As I indicated in the previous section, ASP.NET Core is a complete reboot of the Microsoft framework for writing web application software.

But the moniker ASP.NET Core denotes some radically different realities:

  • The version of ASP.NET Core which targets Kestrel. This is the main version that Microsoft is promoting. Kestrel is an open-source asynchronous HTTP server with very good performance characteristic. If you target .NET Core as your runtime, this is the only available option. Kestrel and .NET Core can be deployed to Linux (possibly using nginx or Apache as a reverse proxy). You can also target .NET Standard or .NET 4.7 for Windows. In this flavor of ASP.NET Core, the entire HTTP pipeline has been rewritten from scratch, and you can inject your own middleware, as in any modern web application framework.

  • The version of ASP.NET Core which integrates with the IIS pipeline. This flavor of ASP.NET Core integrates with the classic IIS pipeline introduced for ASP.NET and it relies on the System.Web classes and their global variables. If you adopt this flavor of ASP.NET Core you have to target .NET 4.7 and run the web application on IIS on a Windows Server. In addition some features, such as writing your own custom middleware, are not available. The advantage of this flavor of ASP.NET Core, is that it can be viewed as an incremental update from the old ASP.NET MVC and ASP.NET Web API frameworks. Unless you have some existing ASP.NET code, you should probably stay away from this configuration for new projects.

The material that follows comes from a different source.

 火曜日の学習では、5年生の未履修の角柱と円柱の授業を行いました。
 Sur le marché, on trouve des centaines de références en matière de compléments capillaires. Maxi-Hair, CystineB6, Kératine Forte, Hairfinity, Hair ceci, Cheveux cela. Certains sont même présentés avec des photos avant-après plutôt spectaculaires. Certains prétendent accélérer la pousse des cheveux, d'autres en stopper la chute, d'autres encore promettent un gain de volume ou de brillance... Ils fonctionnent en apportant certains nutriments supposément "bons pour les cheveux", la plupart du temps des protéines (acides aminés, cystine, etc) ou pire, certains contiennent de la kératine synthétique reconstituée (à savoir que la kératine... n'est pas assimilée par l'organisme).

  • Finally you can use ASP.NET Core with Kestrel inside IIS. So this is the option where you are essentially using IIS as a reverse proxy for the Kestrel server. In this version you sort of get the best of both worlds: your Windows centric IT team can continue managing IIS sites as before, and you get all the features and performance improvements available to the Kestrel stack. This is achieved by installing a custom IIS module provided by Microsoft, which is called the ASP.NET Core Module. This is the recommended way to deploy ASP.NET Core on Windows servers. On Linux Microsoft recommends using nginx or Apache in similar reverse proxy configurations.

Conclusion

.NET Core and ASP.NET Core are very compelling open source technologies promoted by Microsoft. The frameworks, libraries, compilers and runtime are published on Github. You can use Visual Studio Code, another open-source piece of software to write C# code and deploy it to Linux, possibly via docker containers.

But make no mistake, Microsoft still has ways to make money:

  • Microsoft sells access to Azure, their own cloud computing platform which competes with the likes of AWS and Google Cloud. Naturally Azure integrates very well with ASP.NET Core.

  • Microsoft also sells Visual Studio 2017, which unlike Visual Studio Code is closed source software. Although it may be used for free under some circumstances, for most commercial settings you will have to pay a subscription to use it.

  • Microsoft is also strongly pushing SQL Server, their closed source relational database server. It has better integration than any other SQL databases with the .NET Core stack. Traditionally SQL Server used to run on Windows Servers only, but since the last release of SQL Server 2017 last October, the software can now be deployed to Linux servers as well.